In three chickens infected with S variant, the blood picture did not follow the pattern set by the others similarly inoculated. Either a high monocytosis replaced the usual eosinophilia, or there was a marked recession of the total leucocyte count followed by a return of lymphocytes towards normal percentage. The blood picture indicated the conversion of an acute process into a subacute or chronic affair. These chickens survived for 78, 79 and 110 days, respectively. An explanation for this occurred to us later when cultures recovered from them, instead of consisting of S colonies, showed the topography of the intermediate type, closely resembling the F.S. type. Evidently this was due to a reversion; i.e., a loss of virulence of the organism occurring within the animal body. At necropsy the spleen and liver were somewhat enlarged and contained prominent, discrete yellow nodules resembling small shot in their size and shape, which, in one case could be lifted from the tissue by the point of the knife. Microscopically, they possessed small centers of caseation surrounded by numerous giant cells and large mononuclear cells with a thick border of lymphocytic cells. This tubercle formation could not be classified in any special group as it was too sharply circumscribed and walled off by lymphocytic cells to be considered as truly malignant in nature as the S type of lesion. Even the younger tubercles in these cases, which consisted of clumped epithelioid cells with prominent lymphocytic cell borders, could not be called acute or "toxic" in character.

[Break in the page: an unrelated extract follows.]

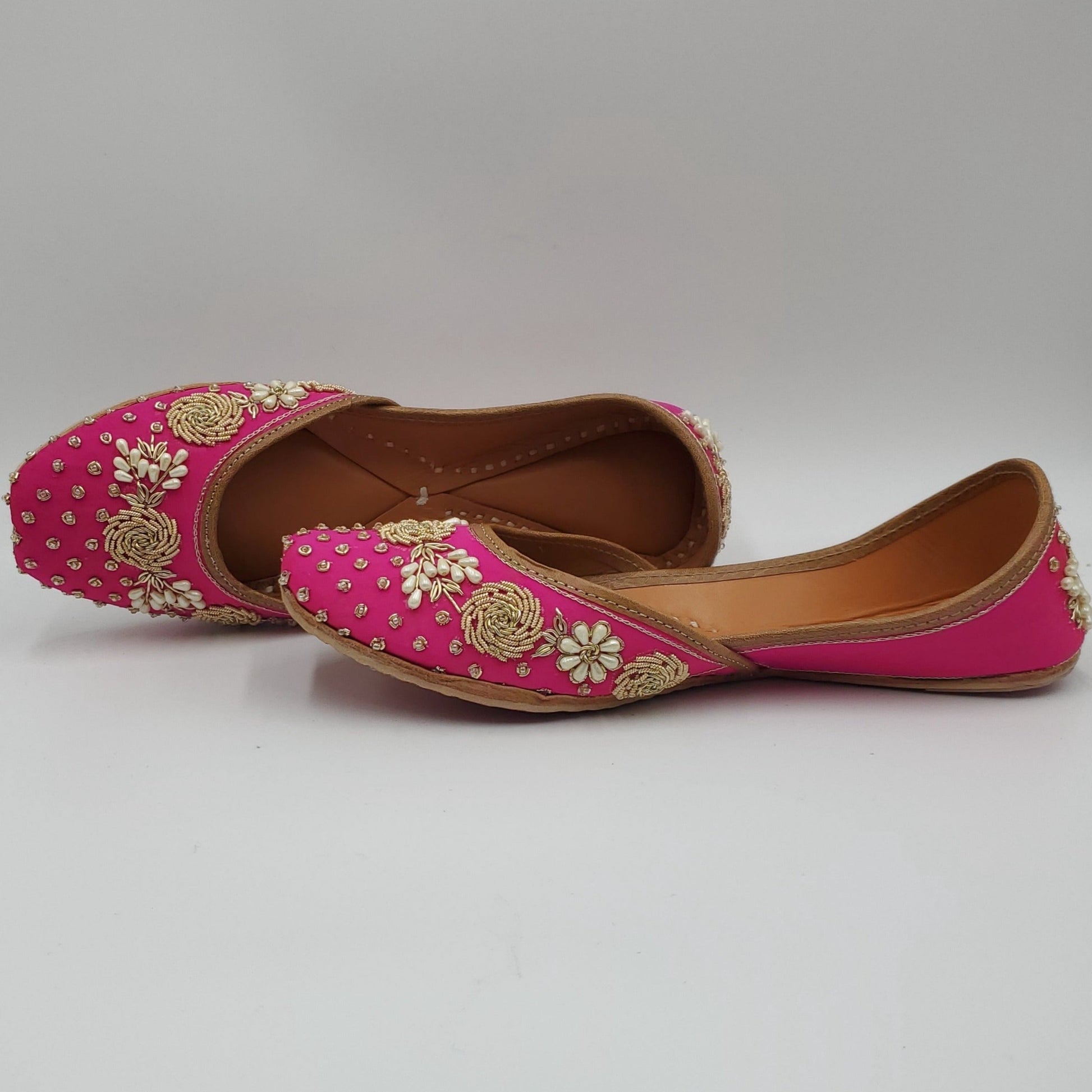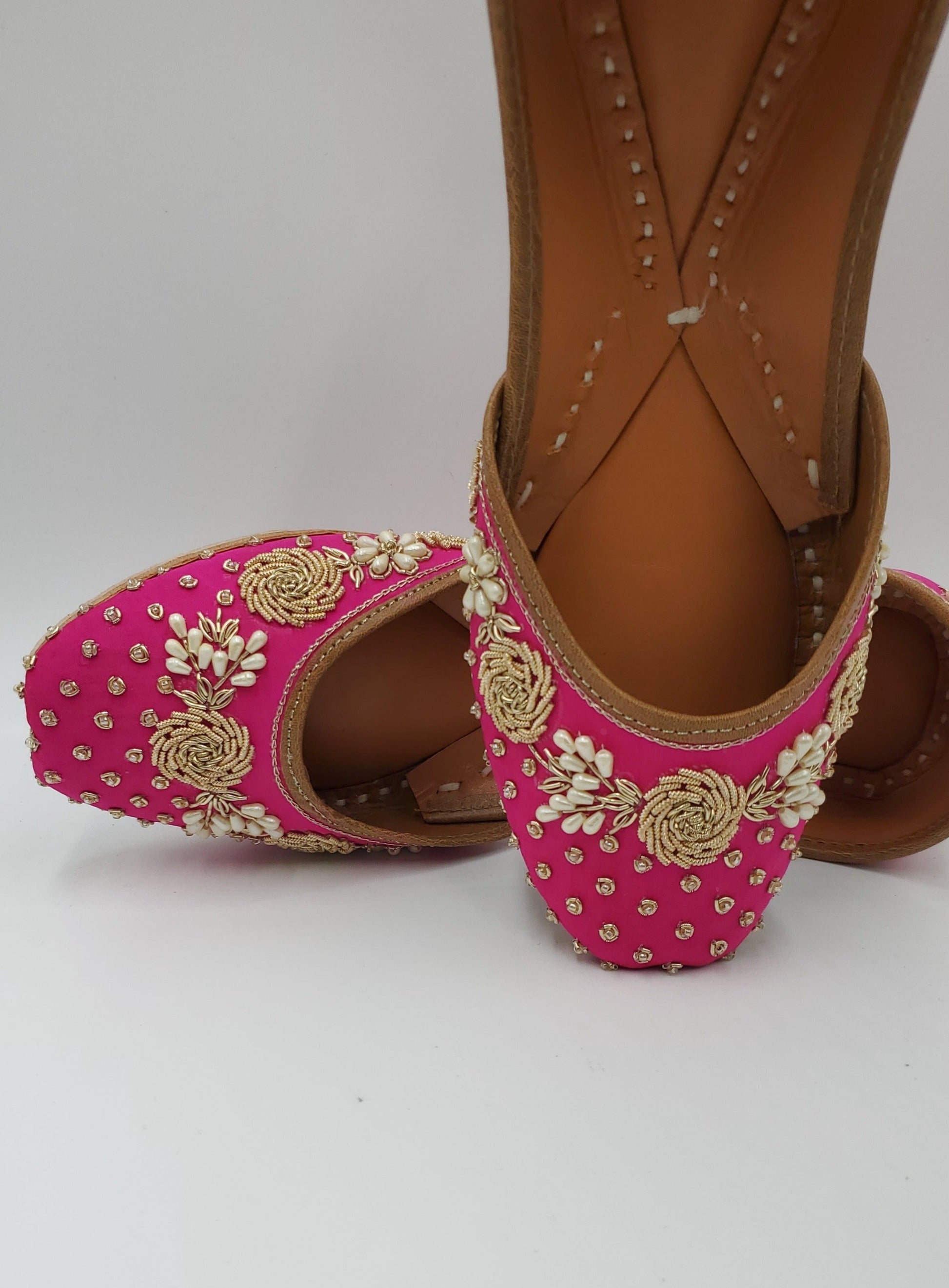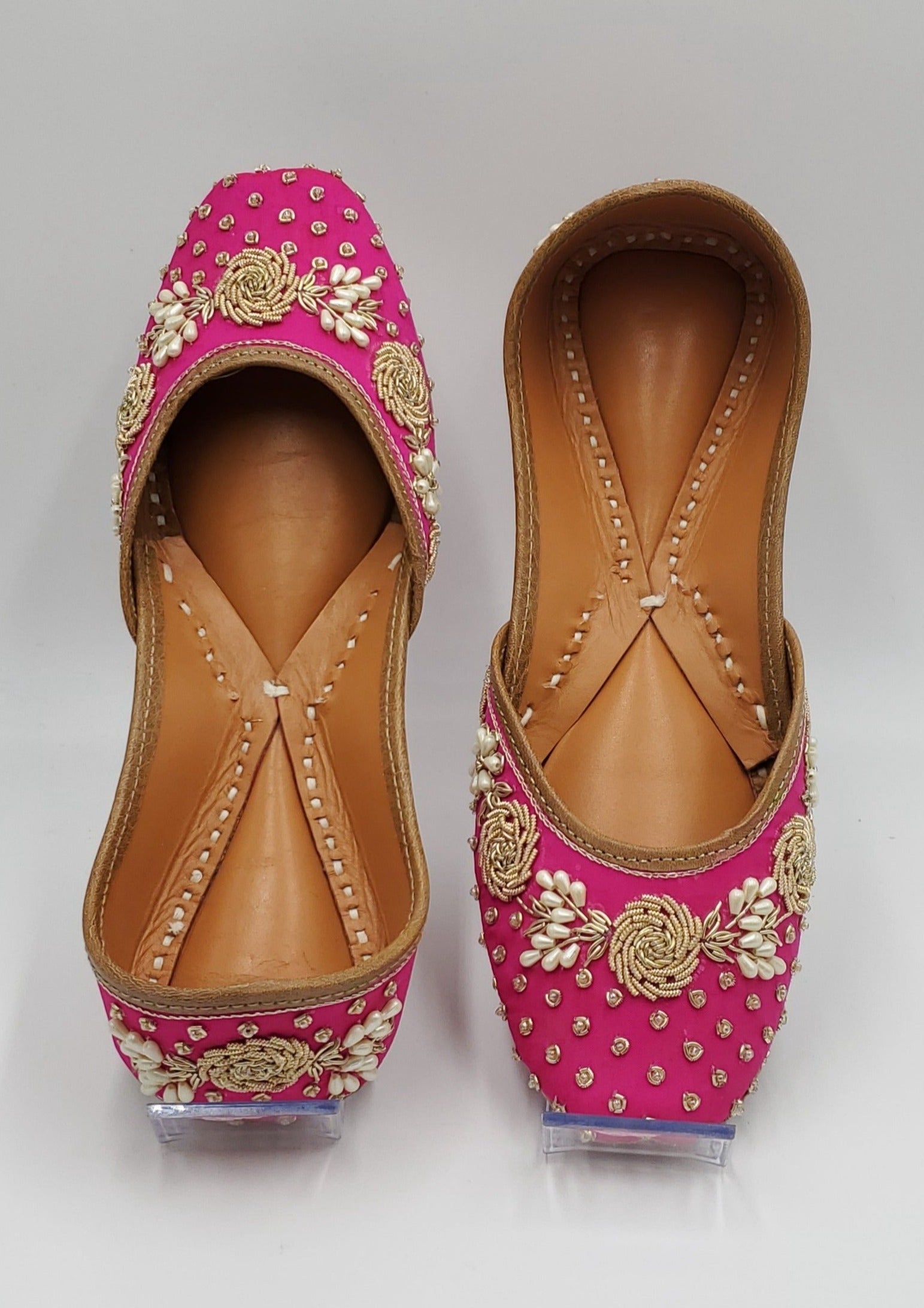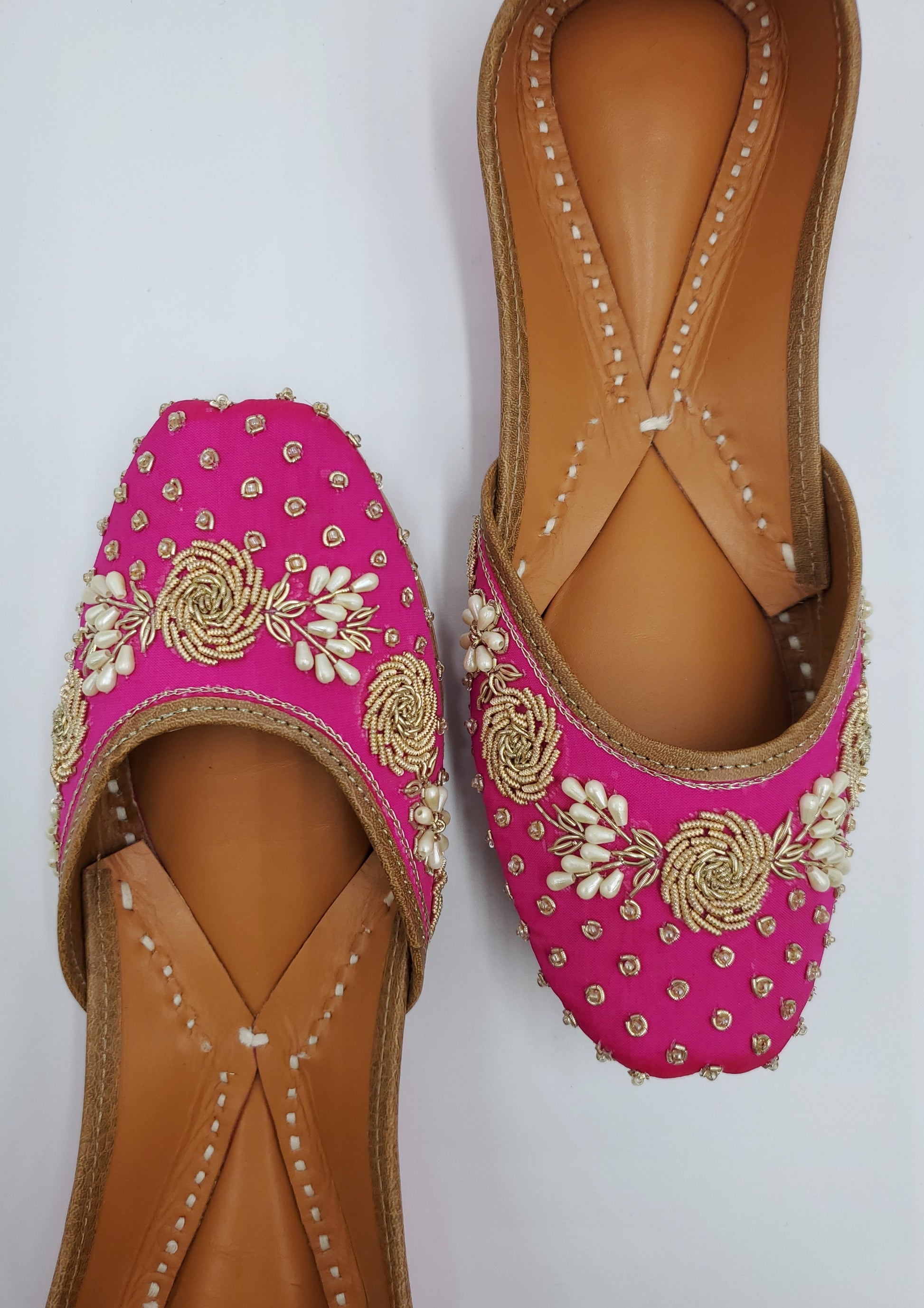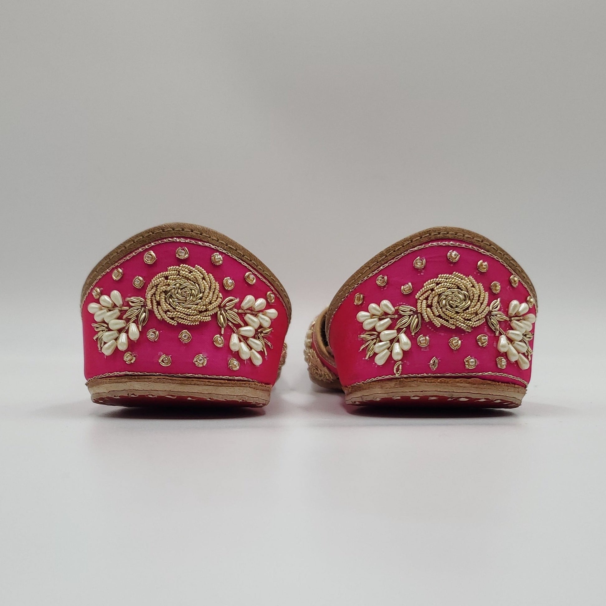 Bobo hot pink jutti beautifully handcrafted with white pearls and embellished with beads and thread work.  The interior is made of genuine leather and double cushioned making the jutti very comfortable to wear.
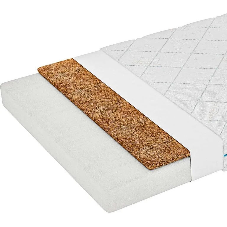 Среднежесткий, двухспальный / односпальный, ширина 70 ... 200 см, длина 180 ... 200 см, высота 17 см, базовый блок: беспружинный, настилочные материалы: латекс: 90 мм (3x30). Кокосовая койра: 60 мм (30+30)., Съёмный чехол.Тип ткани чехла: трикотаж. Процент хлопка в ткани чехла: 40 %. Стёганый чехол.

At present we make only limited deductions from our observations. In the bacterial dissociation phenomenon we have at least a new line of investigation, and different variants of tubercle bacilli must be taken into consideration when planning new tuberculosis studies. With the stabilization of the human type variants, experiments such as reported here may bring about the proper clinical interpretation, of the course of human tuberculosis.